The unit is running Radiator 4.1.4 - a couple of potentially relevant log entries:
* this is me - removing a disk *
Wed Jan 28 21:02:46 PST 2009 Disk remove event occurred on SATA channel 1.
Wed Jan 28 21:02:46 PST 2009 Disk fail event occurred on SATA channel 1. If this disk is used in a redundant volume (RAID level 1, 5, or X-RAID), that volume is unprotected, and an additional disk failure may render that volume dead. You should replace the failed disk as soon as possible. Note that some disks may inadvertantly report failure. If you feel this is the case, rebooting the NAS device will automatically resync the disk to the RAID volume. If you get further failure messages, you should replace the disk immediately. If this disk is used in a RAID 0 volume, your volume is now dead as RAID 0 does not provide disk failure protection.
Wed Jan 28 18:47:31 PST 2009 Disk initialization started. The estimated time of completion is 8 hour(s) and 49 minute(s), at which time you will be notified via email. You can also check the progress in Frontview in the Volumes -> RAID Settings tab. Please do not shutdown the system while the initialization is in progress.

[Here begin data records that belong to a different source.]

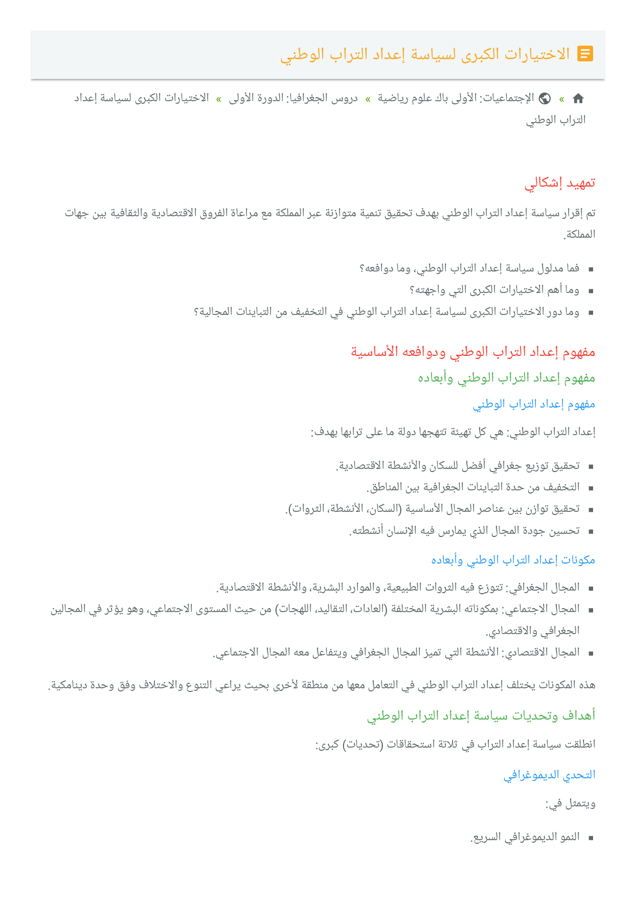 الإجتماعيات: الأولى باك علوم تجريبية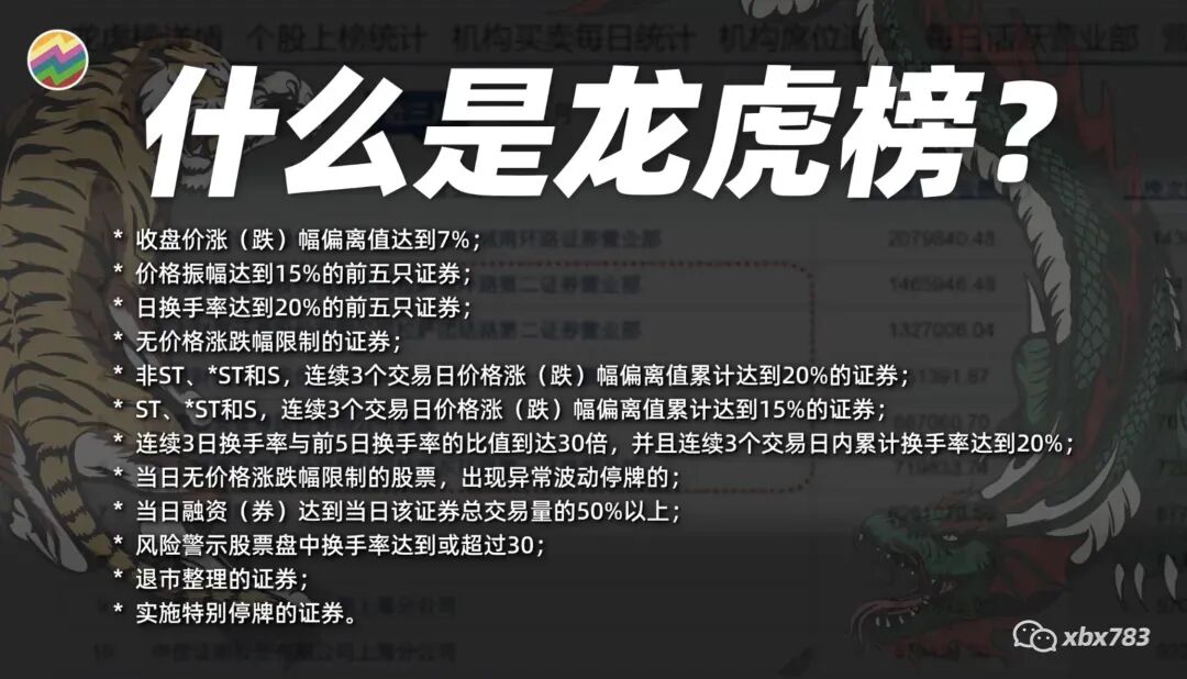每个交易日都会有一些股票的价格出现异常的波动,只要符合下图中任意一个条件的股票,交易所就会把它列出来,放到一个榜单上,这个榜单就是龙虎榜。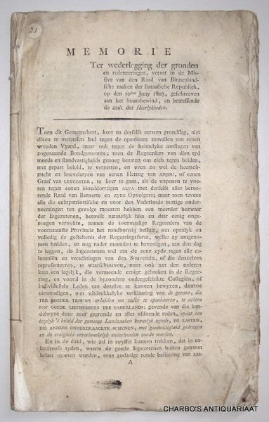 BATAAFSCHE REPUBLIEK. - Memorie ter wederlegging der gronden en redeneeringen, vervat in de missive van den Raad van Binnenlandsche zaaken der Bataafsche Republiek, op den 10den Juny 1803, geschreeven aan het Staatsbewind, en betreffende de zaak der Heerlykheden.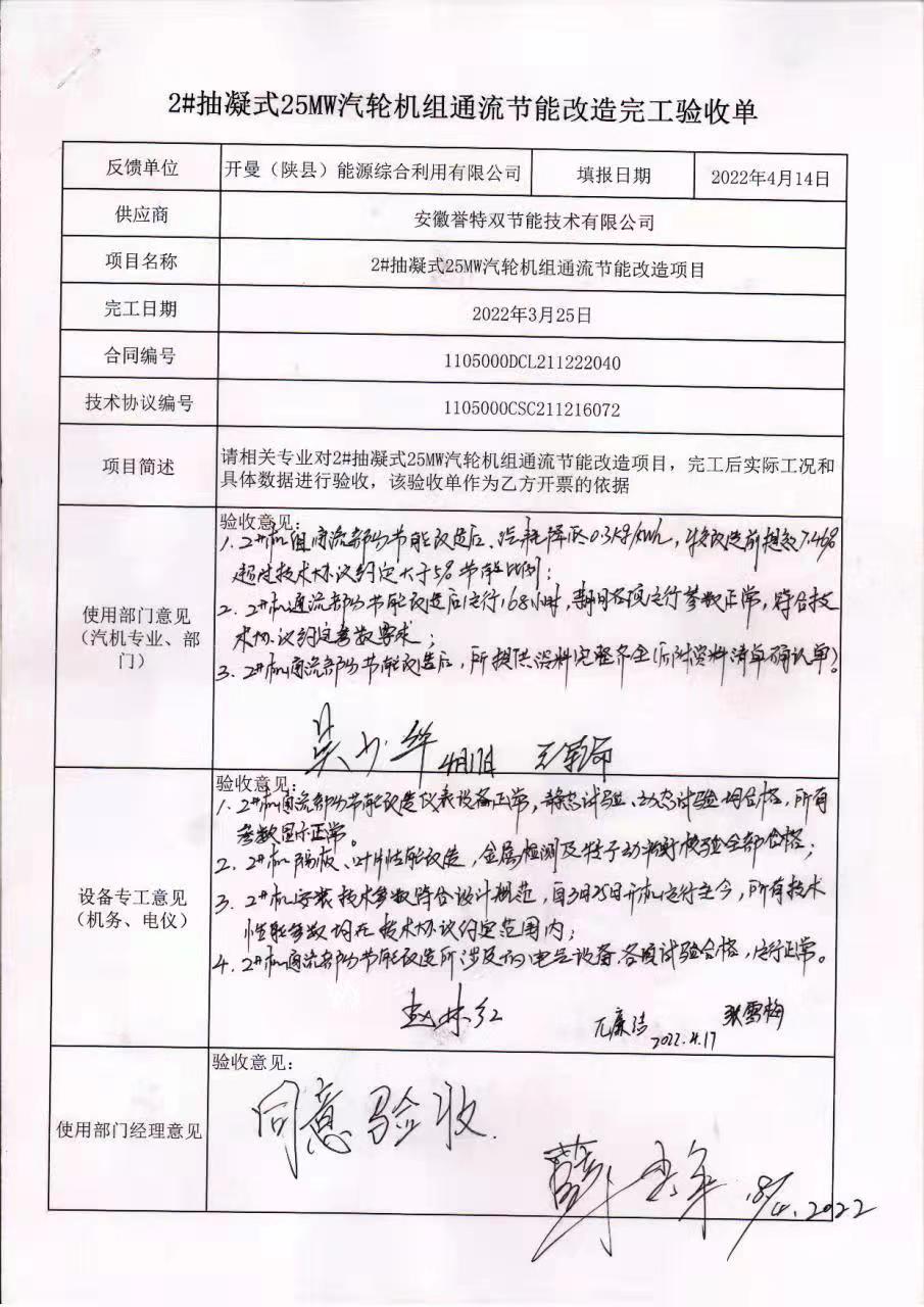 簡訊——三門峽開曼能源25MW機組2#節(jié)能改造提效項目順利通過驗收,節(jié)能提效比例遠超合同約定!

Wed Jan 28 18:50:38 PST 2009 A SATA reset has been performed on one or more of your disks that may have affected the RAID parity integrity. It is recommended that you perform a RAID volume resync from the RAID Settings tab ( accessible in the Volumes page => Volume tab in FrontView ). The resync process will run in the background, and you can continue to use the ReadyNAS in the meantime.
Wed Jan 28 19:33:25 PST 2009 Access to the disk on channel (??) is producing I/O errors. Although the array is still redundant, please replace this drive as soon as possible, as it is likely to fail soon.
Edit - the unit once again vanished from the net about 10% into the resync. Nothing in /var/log/syslog between
Jan 28 21:04:38 pensive RAIDiator: Disk initialization started. The estimated time of completion is 8 hour(s) and 49 minute(s), at which time you will be notified via email. You can also check the progress in Frontview in the Volumes -> RAID Settings tab. Please do not shutdown the system while the initialization is in progress.\n\n[Wed Jan 28 21:04:28 PST 2009]
And
Jan 28 21:38:14 pensive syslogd 1.4.1#10: restart.
Jan 28 21:38:14 pensive kernel: klogd 1.4.1#10, log source = /proc/kmsg started.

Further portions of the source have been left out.